Under the Taliban, women were barred from receiving an education and working outside the home and could only venture outside if they were wearing a burqa and were accompanied by a male relative.
Ahmad Zia Langari, a commissioner at Afghanistan’s Independent Human Rights Commission, claimed the council’s statement is an injustice that tramples on the dignity of all Afghan women.
“In no Islamic country do we see that women are totally separated from men and cannot work in the same workplace,” she said. “Even in Saudi Arabia these kinds of limitations don’t exist. Logically, if we suppress women this much — controlling their movement, conversations, and relations with others — then we are actually damaging women’s dignity as human beings.”

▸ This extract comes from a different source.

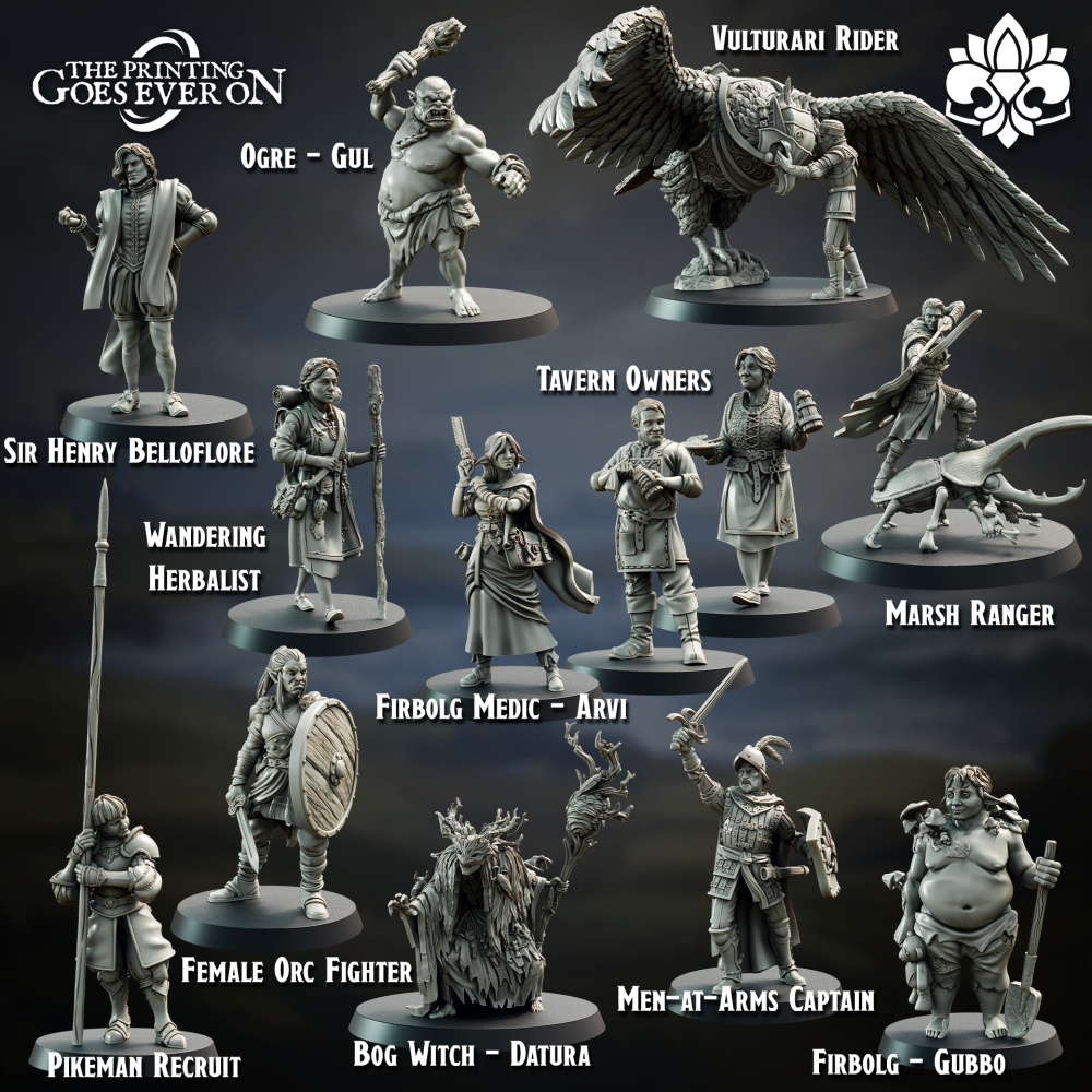 - Support: Tavern Owners, Herbalist, Female Orc Fighter, Marsh Ranger on Giant Stag Beetle.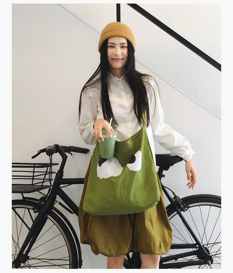 어깨 대용량 가방 2025 여름 새로운 귀엽고 재미있는 만화 새로운 나일론 캔버스 가방 유행 패션 크로스 바디 백

The human rights director for the UN Assistance Mission in Afghanistan, Georgette Gagnon, responded to Karzai’s move by urging the Afghan government to implement laws to eliminate violence against women.
Strict Islamic Practices
The Ulema Council’s statement is just the latest sign of the increasing pressure on Afghan women to adhere to strict Islamic practices.
Last month, the Afghan government asked female television presenters to wear head scarves and avoid heavy makeup after conservative members of the upper house of parliament complained about noncompliance with Islamic beliefs.
Karzai’s endorsement of the council’s position will almost certainly raise the ire of the Obama administration, which has a history of tensions and differences of opinion with the Afghan leader.
A State Department spokesman in Washington told RFE/RL that U.S. officials are “aware” of Karzai’s comments and are “studying” the matter.
In Germany, Heiner Geissler, a senior politician from the ruling Christian Democratic Union party, warned that Afghan women will suffer when foreign forces withdraw. Geissler said foreign forces should remain in Afghanistan until Afghan police and soldiers are fully prepared to assume responsibility for protecting the rights of all Afghans.
The independent newspaper “Cheragh” said on March 6 that the Ulema Council’s statement was “a reminder of dark pages in the history of Afghanistan when terrorists misused the tools of high Islamic education.”
The “Daily Afghanistan” newspaper wrote that the many promises made to women about equal rights seem to have been forgotten and that Afghanistan’s women seem doomed to become “second-class citizens” as they were under the Taliban.